Trio Rope @ Zingarò Jazz Club, Faenza

Foto: da internet





Trio Rope @ Zingarò Jazz Club

Faenza, Zingarò Jazz Club – 30.3.2011

Fabrizio Puglisi: pianoforte

Stefanno Senni: contrabbasso

Zeno De Rossi: batteria


Il Trio Rope rappresenta una delle esperienze più interessanti nel piano trio in Italia degli ultimi anni. È pleonastico osservare preventivamente che non si può parlare di ridefinizione e, ancor peggio, di rivoluzione senza esser fuorvianti o esagerati: è altrettanto fuori dubbio come Fabrizio Puglisi, Stefano Senni e Zeno De Rossi pongano le basi per un ragionamento maturo e non banale su una delle formazioni più presenti e radicate nel jazz.


Innanzitutto il repertorio. Messi al bando gli standard – in particolare quei brani divenuti con il passare del tempo il repertorio consolidato di moltissimi trii – e abbandonata la deriva neoclassica, i tre ripartono dalle origini del jazz. Nei due dischi prodotti e nel concerto di Faenza infatti si parte da Jelly Roll Morton e si arriva fino a Thelonious Monk per saltare in maniera repentina alle soluzioni europee di ricerca, a un musicista quanto mai contemporaneo come John Zorn e alle composizioni originali.


La gestione orizzontale del trio proietta con forza nella musica l’espressione corale dei tre, senza rinunciare alle personalità dei singoli.
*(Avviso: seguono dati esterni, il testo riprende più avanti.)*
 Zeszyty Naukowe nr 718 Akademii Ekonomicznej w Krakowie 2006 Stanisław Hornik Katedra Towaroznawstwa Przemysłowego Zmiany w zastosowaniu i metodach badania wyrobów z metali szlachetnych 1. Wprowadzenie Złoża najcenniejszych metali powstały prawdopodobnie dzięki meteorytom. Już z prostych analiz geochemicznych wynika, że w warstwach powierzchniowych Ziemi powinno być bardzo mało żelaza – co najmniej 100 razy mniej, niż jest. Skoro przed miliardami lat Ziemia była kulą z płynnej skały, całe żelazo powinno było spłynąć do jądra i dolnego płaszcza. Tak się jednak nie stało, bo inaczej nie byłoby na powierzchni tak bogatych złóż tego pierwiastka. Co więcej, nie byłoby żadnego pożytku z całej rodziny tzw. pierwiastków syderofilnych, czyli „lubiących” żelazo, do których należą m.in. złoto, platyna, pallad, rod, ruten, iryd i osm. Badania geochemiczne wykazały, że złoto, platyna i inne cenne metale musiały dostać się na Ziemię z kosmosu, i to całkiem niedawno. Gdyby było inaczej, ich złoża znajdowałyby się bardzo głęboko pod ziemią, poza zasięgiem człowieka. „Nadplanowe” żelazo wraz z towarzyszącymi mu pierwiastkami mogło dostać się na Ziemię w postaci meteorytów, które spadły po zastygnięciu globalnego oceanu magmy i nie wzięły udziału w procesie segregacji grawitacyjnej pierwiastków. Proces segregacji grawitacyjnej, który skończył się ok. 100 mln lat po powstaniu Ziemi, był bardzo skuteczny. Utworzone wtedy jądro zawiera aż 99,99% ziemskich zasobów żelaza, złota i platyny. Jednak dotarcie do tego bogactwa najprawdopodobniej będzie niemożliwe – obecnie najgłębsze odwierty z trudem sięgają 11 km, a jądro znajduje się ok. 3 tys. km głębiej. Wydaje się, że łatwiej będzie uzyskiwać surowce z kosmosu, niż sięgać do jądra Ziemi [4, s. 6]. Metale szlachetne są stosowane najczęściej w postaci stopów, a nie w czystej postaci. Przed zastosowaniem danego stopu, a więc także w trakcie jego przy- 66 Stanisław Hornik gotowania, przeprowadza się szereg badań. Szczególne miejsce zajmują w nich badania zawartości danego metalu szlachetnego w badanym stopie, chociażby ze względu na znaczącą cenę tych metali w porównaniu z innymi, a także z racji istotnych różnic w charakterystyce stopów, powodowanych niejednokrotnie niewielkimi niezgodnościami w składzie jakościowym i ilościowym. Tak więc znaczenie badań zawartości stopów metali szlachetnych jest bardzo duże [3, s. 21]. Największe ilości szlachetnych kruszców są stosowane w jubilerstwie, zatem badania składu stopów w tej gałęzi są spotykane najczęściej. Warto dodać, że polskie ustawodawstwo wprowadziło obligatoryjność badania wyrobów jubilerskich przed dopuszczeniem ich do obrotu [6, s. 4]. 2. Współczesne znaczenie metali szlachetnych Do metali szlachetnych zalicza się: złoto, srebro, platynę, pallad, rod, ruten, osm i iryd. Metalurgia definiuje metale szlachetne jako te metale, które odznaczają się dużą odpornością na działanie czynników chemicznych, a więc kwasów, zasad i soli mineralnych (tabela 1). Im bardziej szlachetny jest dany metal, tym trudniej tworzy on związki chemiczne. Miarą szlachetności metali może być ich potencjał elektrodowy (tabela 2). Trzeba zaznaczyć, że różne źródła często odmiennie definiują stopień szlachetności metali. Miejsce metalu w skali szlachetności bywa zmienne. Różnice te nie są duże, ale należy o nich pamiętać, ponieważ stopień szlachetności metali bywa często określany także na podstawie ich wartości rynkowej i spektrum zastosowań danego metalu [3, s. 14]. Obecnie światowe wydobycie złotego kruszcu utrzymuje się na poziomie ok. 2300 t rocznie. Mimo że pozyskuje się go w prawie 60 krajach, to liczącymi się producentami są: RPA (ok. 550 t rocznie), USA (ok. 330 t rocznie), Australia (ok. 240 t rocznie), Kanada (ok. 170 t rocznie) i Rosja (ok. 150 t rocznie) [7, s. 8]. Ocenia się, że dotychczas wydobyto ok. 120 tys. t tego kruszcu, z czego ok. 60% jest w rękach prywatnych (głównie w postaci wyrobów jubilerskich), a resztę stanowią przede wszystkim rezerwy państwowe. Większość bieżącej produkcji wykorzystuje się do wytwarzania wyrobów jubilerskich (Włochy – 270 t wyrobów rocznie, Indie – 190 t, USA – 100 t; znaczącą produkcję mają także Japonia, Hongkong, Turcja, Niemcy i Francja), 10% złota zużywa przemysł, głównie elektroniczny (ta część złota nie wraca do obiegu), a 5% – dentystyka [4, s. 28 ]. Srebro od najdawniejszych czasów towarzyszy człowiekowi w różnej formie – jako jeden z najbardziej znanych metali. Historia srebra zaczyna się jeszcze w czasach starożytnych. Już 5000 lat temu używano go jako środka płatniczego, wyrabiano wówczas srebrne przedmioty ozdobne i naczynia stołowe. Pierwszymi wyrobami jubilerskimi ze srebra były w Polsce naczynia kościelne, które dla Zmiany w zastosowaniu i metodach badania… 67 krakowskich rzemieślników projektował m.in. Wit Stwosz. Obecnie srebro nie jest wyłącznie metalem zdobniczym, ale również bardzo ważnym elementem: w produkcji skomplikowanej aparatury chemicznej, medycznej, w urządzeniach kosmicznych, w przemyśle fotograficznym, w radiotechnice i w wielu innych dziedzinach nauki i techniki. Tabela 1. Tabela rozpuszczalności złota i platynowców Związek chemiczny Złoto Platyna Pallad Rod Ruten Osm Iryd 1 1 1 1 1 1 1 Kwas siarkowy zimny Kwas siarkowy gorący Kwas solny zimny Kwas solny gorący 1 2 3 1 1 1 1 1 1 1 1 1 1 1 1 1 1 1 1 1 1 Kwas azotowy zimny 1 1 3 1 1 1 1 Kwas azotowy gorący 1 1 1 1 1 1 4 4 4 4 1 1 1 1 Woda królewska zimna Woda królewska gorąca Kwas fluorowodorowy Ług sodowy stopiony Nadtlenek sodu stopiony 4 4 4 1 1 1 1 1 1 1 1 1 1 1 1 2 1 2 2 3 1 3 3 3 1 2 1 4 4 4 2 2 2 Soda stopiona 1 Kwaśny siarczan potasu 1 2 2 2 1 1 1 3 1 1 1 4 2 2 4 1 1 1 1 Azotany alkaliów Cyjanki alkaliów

Ne viene fuori una formazione energica, capace di lunghe e sensate improvvisazioni collettive, capace di lavorare sui suoni – dall’utilizzo diretto delle corde del pianoforte alle percussioni utilizzate da De Rossi – per andare nota dopo nota verso la propria definizione di piano trio.


Puglisi è un pianista di spessore e capacità interpretativa, pirotecnico e delicato in grado di tirar fuori sempre nuova linfa dal pianoforte. La ritmica formata da Senni e De Rossi è affiatata e solida, sempre pronta a diventare protagonista all’occorrenza, altrettanto capace di sostenere le improvvisazione e gli slanci del solista.
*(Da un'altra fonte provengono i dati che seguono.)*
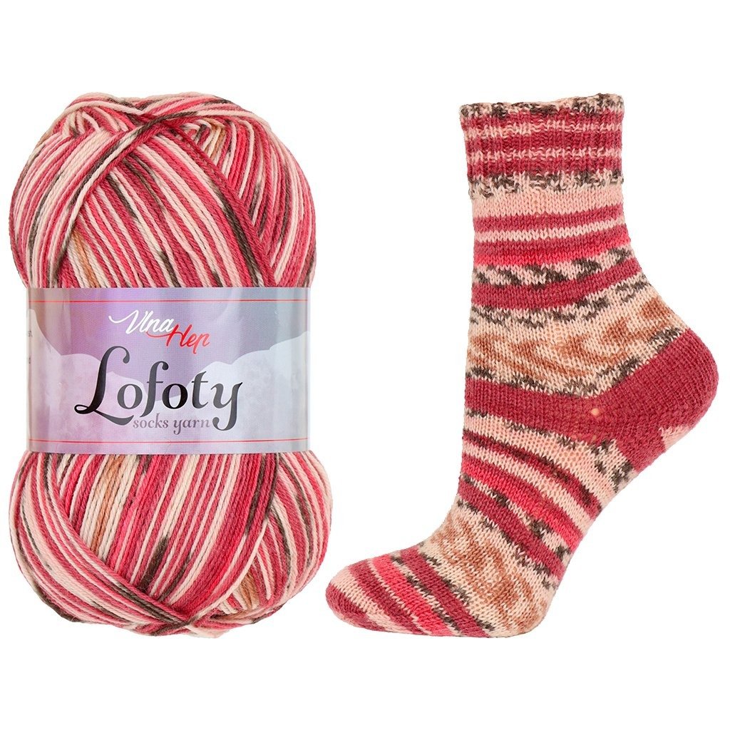 Jedná se o přízi s vysokým podílem superwash vlny, která je upravena tak, že ji lze prát v pračce. Lofoty je samovzorovací příze s efektem norských vzorů, výsledek se liší v závislosti na počtu ok v jednotlivých řadách, tedy jiný vzor se vytvoří např. na ponču a jiný na ponožkách. Z jednoho klubíčka upletete jeden pár klasických ponožek.

Monk è il discrimine scelto dal trio come riferimento. Le sue soluzioni sghembe e il richiamo profondo allo stride piano, la sua propulsione ritmica e la natura ancestrale del suo stile. La connessione del pianismo di Monk con le origini del jazz è estremamente evidente, la sua genialità e l’esplorazione solitaria di soluzioni pianistiche nuove lo hanno reso un artista moderno e visionario.


Certo, come si notava in apertura, dire qualcosa di non ancora ascoltato oggi, per di più per mezzo di una formazione che ha avuto così tante interpretazioni, potrebbe essere quasi velleitario. Il trio dirige la propria rotta alla ricerca di una sintesi tra radici del jazz e sensibilità moderna, tra il punto di partenza e la visione personale, senza le mediazioni di un vocabolario espressivo reso sterile da un utilizzo spesso non consapevole.


Nei giorni seguenti al concerto, il pianista ha tenuto un seminario sulla musica di Monk, organizzato dallo Zingarò Jazz Club e dalla Scuola di Musica Sarti, culminato nel concerto tenuto alla Scuola Sarti della big band formata dai musicisti e dai cantanti partecipanti al corso.